» EXERCISE DETAILS:
Out of the material that follows, write out exactly the lines from the line with "Figura 3. The Vitascope Advertisement (1896)." to the line with "Lençóis já possuiu", both ends included, and no others.

» INFORMATION GIVEN:

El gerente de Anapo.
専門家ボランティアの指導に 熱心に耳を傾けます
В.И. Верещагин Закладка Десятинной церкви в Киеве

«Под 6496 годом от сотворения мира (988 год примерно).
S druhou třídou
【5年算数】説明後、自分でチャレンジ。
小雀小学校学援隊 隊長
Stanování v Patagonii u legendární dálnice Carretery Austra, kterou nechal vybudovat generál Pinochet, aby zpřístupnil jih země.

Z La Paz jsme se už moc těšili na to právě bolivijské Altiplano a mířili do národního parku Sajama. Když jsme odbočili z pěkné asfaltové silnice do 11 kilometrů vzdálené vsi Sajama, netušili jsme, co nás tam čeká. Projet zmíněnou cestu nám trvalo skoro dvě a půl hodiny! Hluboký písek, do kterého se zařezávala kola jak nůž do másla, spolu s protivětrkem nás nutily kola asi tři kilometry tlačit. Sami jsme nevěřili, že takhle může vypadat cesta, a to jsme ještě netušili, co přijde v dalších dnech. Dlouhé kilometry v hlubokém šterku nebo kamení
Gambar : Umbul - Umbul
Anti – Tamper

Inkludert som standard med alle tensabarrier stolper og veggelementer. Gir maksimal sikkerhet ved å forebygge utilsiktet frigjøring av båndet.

* * *

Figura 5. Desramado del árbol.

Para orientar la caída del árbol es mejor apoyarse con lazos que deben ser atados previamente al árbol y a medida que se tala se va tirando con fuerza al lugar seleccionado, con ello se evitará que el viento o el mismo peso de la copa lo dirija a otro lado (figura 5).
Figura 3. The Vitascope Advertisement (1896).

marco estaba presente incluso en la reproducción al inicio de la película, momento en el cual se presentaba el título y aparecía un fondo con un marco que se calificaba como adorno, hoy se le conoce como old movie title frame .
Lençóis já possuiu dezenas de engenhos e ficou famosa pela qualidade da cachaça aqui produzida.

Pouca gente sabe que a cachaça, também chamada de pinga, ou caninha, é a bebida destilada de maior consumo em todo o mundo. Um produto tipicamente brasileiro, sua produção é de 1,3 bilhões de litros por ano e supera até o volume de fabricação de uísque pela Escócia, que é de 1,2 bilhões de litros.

» ANSWER TO THE EXERCISE:
Figura 3. The Vitascope Advertisement (1896).

marco estaba presente incluso en la reproducción al inicio de la película, momento en el cual se presentaba el título y aparecía un fondo con un marco que se calificaba como adorno, hoy se le conoce como old movie title frame .
Lençóis já possuiu dezenas de engenhos e ficou famosa pela qualidade da cachaça aqui produzida.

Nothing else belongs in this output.